Dank dir Kurzhals, das erklärt schonmal so einiges. Habe mir nun so beholfen dass ich den Skimmer mit einer separaten 4600L Pumpe betreibe und diese an einen seperaten kleinen Filter der direkt am Teich steht betreibe. Sieht natürlich Schlauch und Kabeltechnisch mehr als besch..... eiden aus das ganze. Ausserdem ist der Kleine Filter auch völlig unterdimensioniert für diesen Durchfluss aber egal tropft ja alles irgendwie in den Teich zurück. 

Habe mir nun langfristig folgendes überlegt: Entweder ich kaufe mir so eine sündhaft teuere Pumpe wo man beides betreiben kann (Ansaugung Teichskimmer und Bodenfilterkorb parallel) oder ich nutze die vorhandene Pumpe (9800 Liter pro Stunde) weiter aber setze an die Pumpenansaugung einfach ein T-Stück mit Schlauch zum Teichgrundansaugkorb und einem zweiten zur Skimmeransaugung. Das sollte doch dann eigentlich klappen oder wird dann wieder nur 99% Teichgrundwasser gesaugt und der Skimmer brummt überhaupt nicht?

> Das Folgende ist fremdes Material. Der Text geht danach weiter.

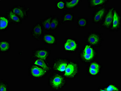 Immunofluorescent analysis of MCF-7 cells using CSB-PA674326LA01HU at dilution of 1:100 and Alexa Fluor 488-congugated AffiniPure Goat Anti-Rabbit IgG(H+L)
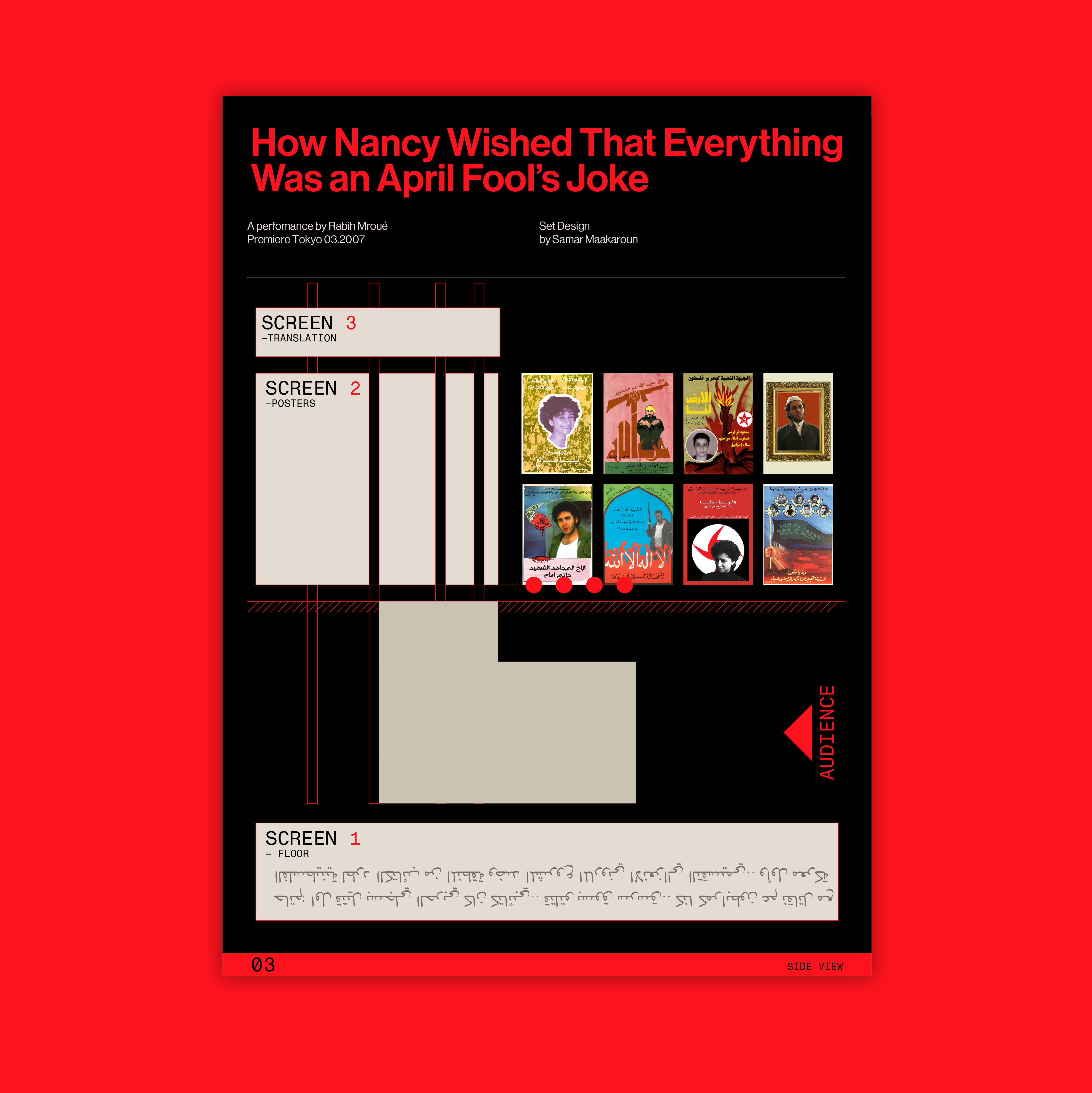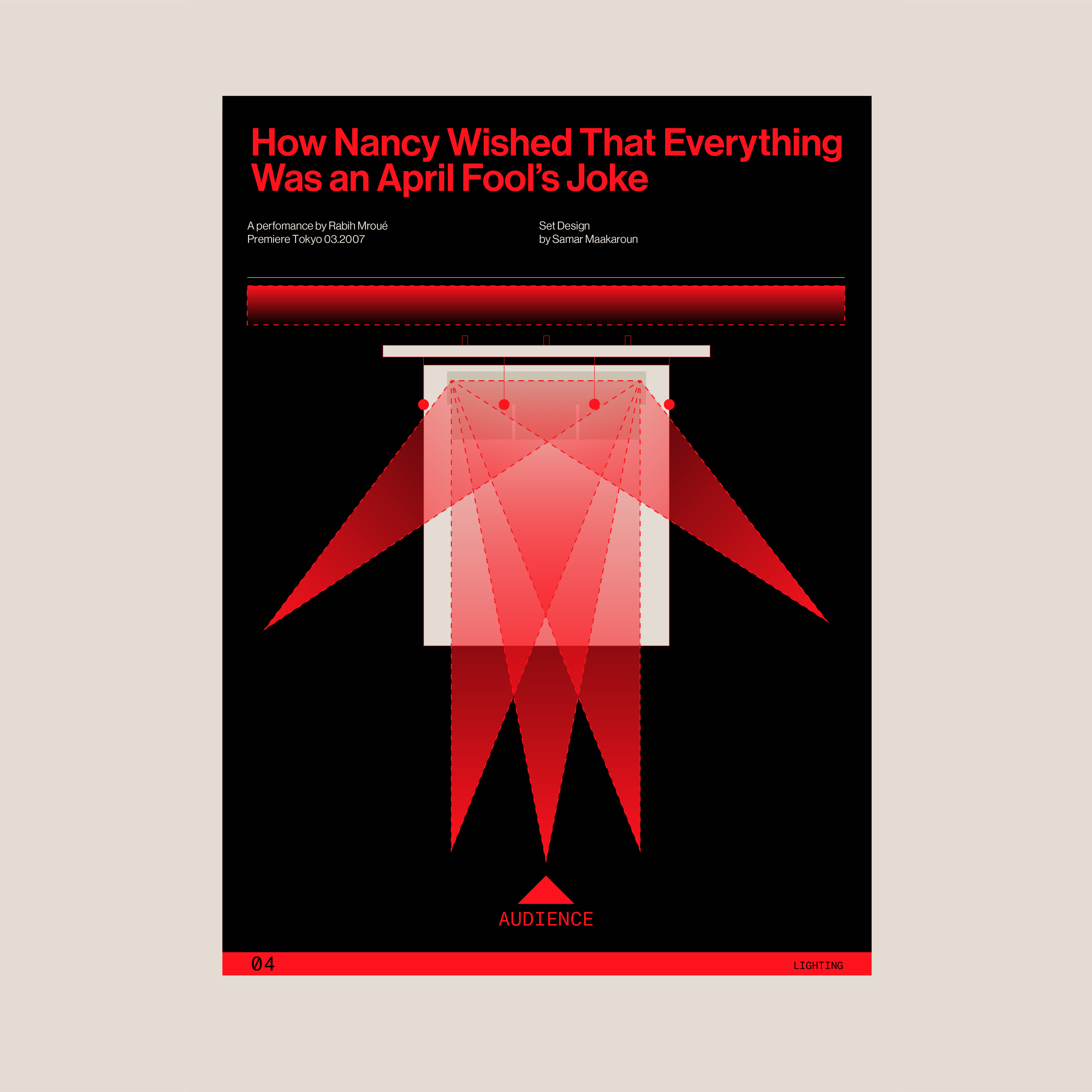 Between 2003 and 2018, I worked with director Rabih Mroué, designing stage sets and promotional imagery for numerous theatrical productions, including So Little Time (2017), 33 RPM Per Second (2012), Photo-Romance (2009), How Nancy Wished that Everything Was An April Fool’s Joke (2007), Who’s Afraid of Representation (2004), Looking for a Missing Employee (2003).

Falls das nicht funktioniert frage ich mich wie Oase dieses Problem mit der dualen Ansaugung löst......


----------



## Jürgen E (22. Apr. 2010)

*AW: 2 Pumpen 1 Schlauch?*

Hallo Wizardrous,

das Saugverhältnis kannst du mit Zugschiebern regeln. Mußt nur Verlängerungen dranmachen, damit du unterhalb der Oberfläche noch regeln kannst . Oase verkleinert mit einem Schieber den 2. Durchmesser.

Gruß Jürgen


----------



## wizardrous (22. Apr. 2010)

*AW: 2 Pumpen 1 Schlauch?*

Okay, könnte aber dann einfach auch z.B. 1" Schlauch für Skimmer und 1,5" für Bodenansaugung verwenden oder umgekehrt richtig? Ansonsten würden bei identischem Durchmesser sowohl oben als auch unten 50/50 Gesamt-Saugkraft anstehen?! Oder müsste ich eher die Bodenansaugung drosseln um oben für den Skimmer ausreichend Saugkraft übrig zu haben? Naja im Zweifel experimentiere ich ein wenig rum.... aber wohl erst wenn das Wasser bedeutend wärmer ist


----------